A proposed site for a mosque two blocks from Ground Zero in lower Manhattan is seen (R) May 25, 2010 in New York City. The plan to build the 15-story, $100 million mosque -- which is so close to the site of the Sept. 11 terrorist attacks that debris from one of the hijacked planes smashed through the roof of the existing building there -- is surrounded by controversy, and politicians and activists are preparing on both sides of the debate. (Photo by Chris Hondros/Getty Images)
On Staten Island, in Sheepshead Bay and at Ground Zero, plans to open new Mosques in New York City are being met with fierce opposition, and none more heatedly than the one that could end up at 45-47 Park Place near the site of the 9/11 attacks.
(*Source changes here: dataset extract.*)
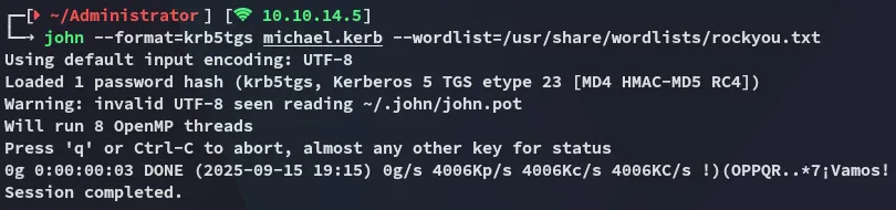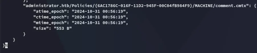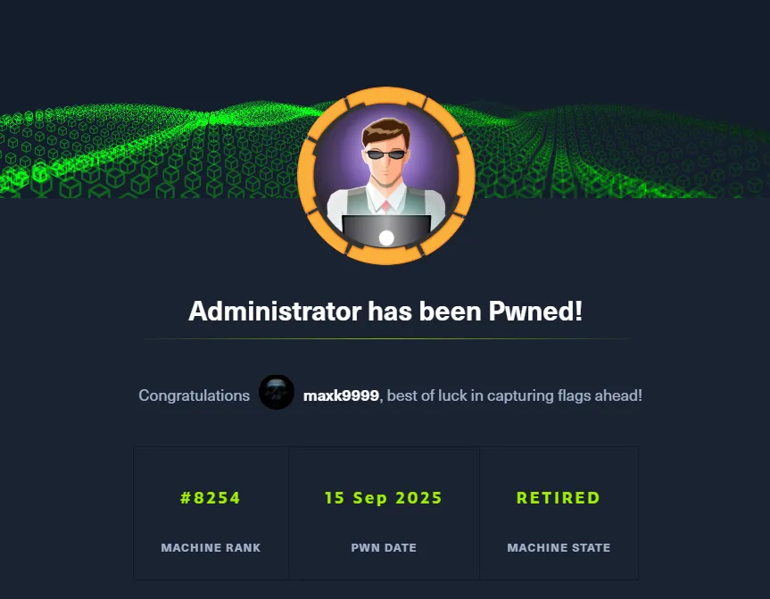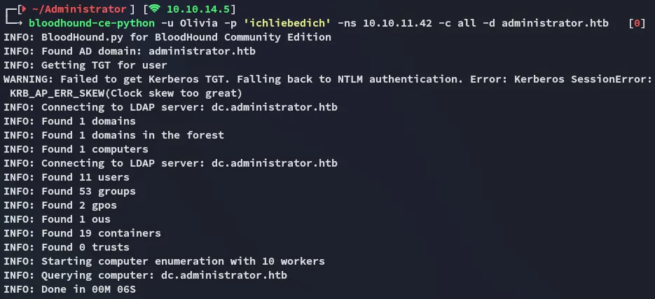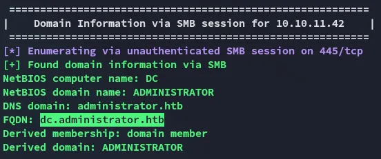 PORT STATE SERVICE REASON VERSION21/tcp open ftp syn-ack Microsoft ftpd| ftp-syst:|_ SYST: Windows_NT53/tcp open domain syn-ack Simple DNS Plus88/tcp open kerberos-sec syn-ack Microsoft Windows Kerberos (server time: 2025-09-15 16:40:38Z)135/tcp open msrpc syn-ack Microsoft Windows RPC139/tcp open netbios-ssn syn-ack Microsoft Windows netbios-ssn389/tcp open ldap syn-ack Microsoft Windows Active Directory LDAP (Domain: administrator.htb0., Site: Default-First-Site-Name)445/tcp open microsoft-ds? syn-ack464/tcp open kpasswd5? syn-ack593/tcp open ncacn_http syn-ack Microsoft Windows RPC over HTTP 1.0636/tcp open tcpwrapped syn-ack3268/tcp open ldap syn-ack Microsoft Windows Active Directory LDAP (Domain: administrator.htb0., Site: Default-First-Site-Name)3269/tcp open tcpwrapped syn-ack5985/tcp open http syn-ack Microsoft HTTPAPI httpd 2.0 (SSDP/UPnP)|_http-server-header: Microsoft-HTTPAPI/2.0|_http-title: Not Found9389/tcp open mc-nmf syn-ack .NET Message Framing47001/tcp open http syn-ack Microsoft HTTPAPI httpd 2.0 (SSDP/UPnP)|_http-server-header: Microsoft-HTTPAPI/2.0|_http-title: Not Found49392/tcp open ncacn_http syn-ack Microsoft Windows RPC over HTTP 1.049397/tcp open msrpc syn-ack Microsoft Windows RPC49404/tcp open msrpc syn-ack Microsoft Windows RPC49422/tcp open msrpc syn-ack Microsoft Windows RPC49664/tcp open msrpc syn-ack Microsoft Windows RPC49665/tcp open msrpc syn-ack Microsoft Windows RPC49666/tcp open msrpc syn-ack Microsoft Windows RPC49668/tcp open msrpc syn-ack Microsoft Windows RPC63997/tcp open msrpc syn-ack Microsoft Windows RPCService Info: Host: DC; OS: Windows; CPE: cpe:/o:microsoft:windowsenum4linux

“The clothing and the way that people are…”, describes one Lower Manhattan worker about his feelings against a Mosque near ground zero. “I spent 13 weeks down here doing search and rescue and no one even wanted to look at anybody like that.”
Last Week Republican hopeful for Governor, Rick Lazio, called on Attorney General Andrew Cuomo, his Democratic opponent, to investigate the group behind the proposed Mosque and Islamic Community center a few blocks from the World Trade Center. Citing the New York Post, Lazio questioned the sympathies of the center, called the Cordoba House, to known terror groups and also where the center will get its funding, stating that “the people have a right to know if this ‘charity’ is using its resources in a legitimate, legal, and charitable way.”
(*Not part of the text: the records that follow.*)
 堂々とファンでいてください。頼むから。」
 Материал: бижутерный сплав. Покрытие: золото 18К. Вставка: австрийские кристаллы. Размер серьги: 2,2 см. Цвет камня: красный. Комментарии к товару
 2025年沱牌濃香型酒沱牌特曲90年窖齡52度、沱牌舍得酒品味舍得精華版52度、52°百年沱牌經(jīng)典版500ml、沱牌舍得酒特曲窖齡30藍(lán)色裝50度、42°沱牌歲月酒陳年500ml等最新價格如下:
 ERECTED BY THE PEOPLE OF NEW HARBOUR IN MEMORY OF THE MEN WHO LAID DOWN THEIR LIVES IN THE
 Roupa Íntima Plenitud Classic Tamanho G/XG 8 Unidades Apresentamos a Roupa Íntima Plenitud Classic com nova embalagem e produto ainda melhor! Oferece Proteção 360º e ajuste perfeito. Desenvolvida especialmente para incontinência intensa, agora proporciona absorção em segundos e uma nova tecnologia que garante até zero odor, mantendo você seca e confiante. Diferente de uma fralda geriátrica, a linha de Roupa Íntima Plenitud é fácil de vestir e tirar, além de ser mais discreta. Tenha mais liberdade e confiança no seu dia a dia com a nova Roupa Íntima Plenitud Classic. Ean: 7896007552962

On Monday, Mayor Michael Bloomberg responded to Lazio’s comments, saying that investigating or vetting religious organizations goes against what the nation stands for.
In May, Community Board 1 approved the Cordoba House. Now, the plans go to the New York City Landmark’s Committee, where technically the issue at hand is not whether or not the community wants the Mosque built or if the Cordoba Initiative should be investigated, but if the building’s architecture, which would be torn down, needs to be saved
Valerie Lucznikowska, who lost her Nephew in the 2nd Tower, doesn’t believe the park place building has any unique value for a Landmark. The September, 11th Families for Peaceful Tomorrows member believes this latest hurdle is just another way to block the construction. “I think its anger and frustration that doesn’t know where to go because they’re frightened,” Lucznikowska says. “So they take their anger and frustration out on those they don’t know and I think that is actually the history of prejudice.”
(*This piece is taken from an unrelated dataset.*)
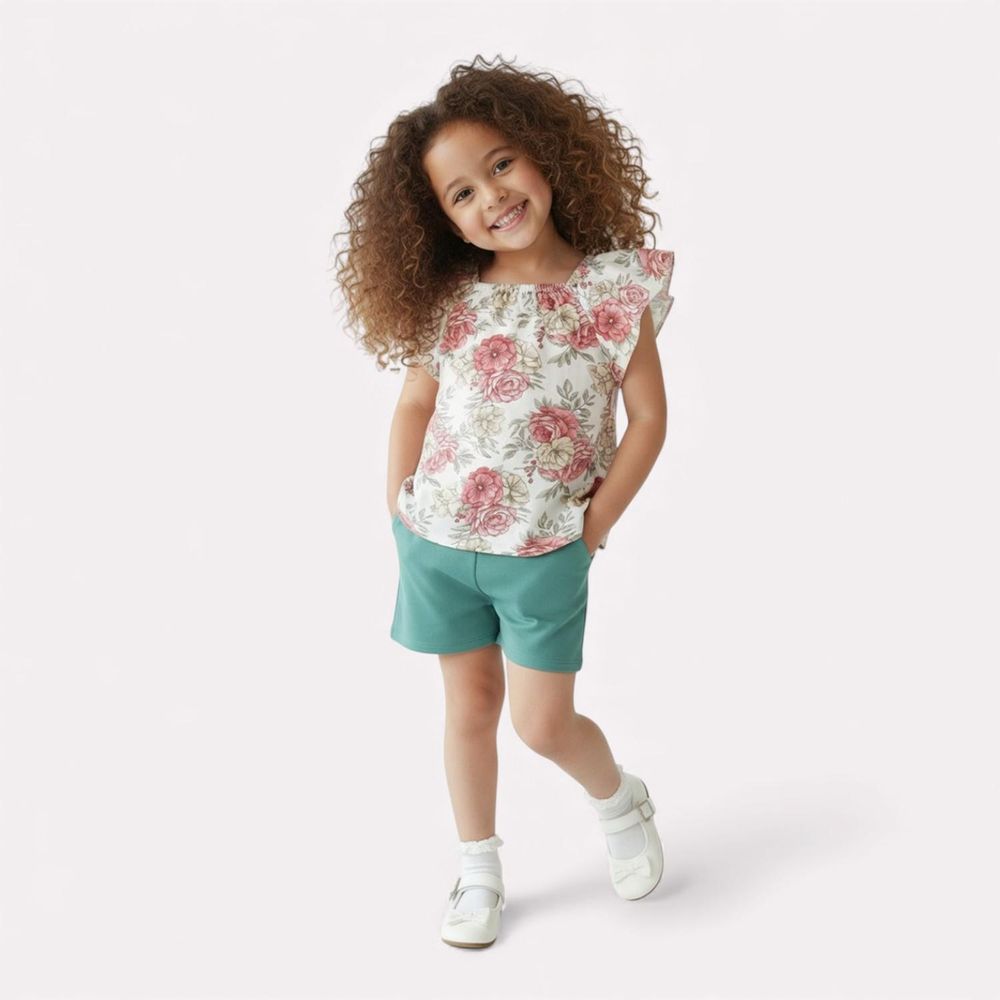 A blusa infantil menina confeccionada em 95% algodão e 5% elastano apresenta modelagem soltinha, com mangas godê e franzido delicado no decote finalizados em elástico, criando um caimento gracioso e cheio de charme. A estampa rotativa de flores traz um ar romântico e sofisticado, perfeito para ocasiões especiais ou passeios em família.

Khaled Hedfi, a Muslim American, runs a food cart around the corner from the potential Mosque, a stone’s throw from where the towers fell. “All those people who are going to pray there, they work in those offices right there”, Hedfi says as he points to ground zero, “they worked in The World Trade Center, what’s the big difference? Its not a big deal.”
The Landmark’s hearing starts at 2 p.m. on Tuesday. The vote, however, won’t take place until later this summer.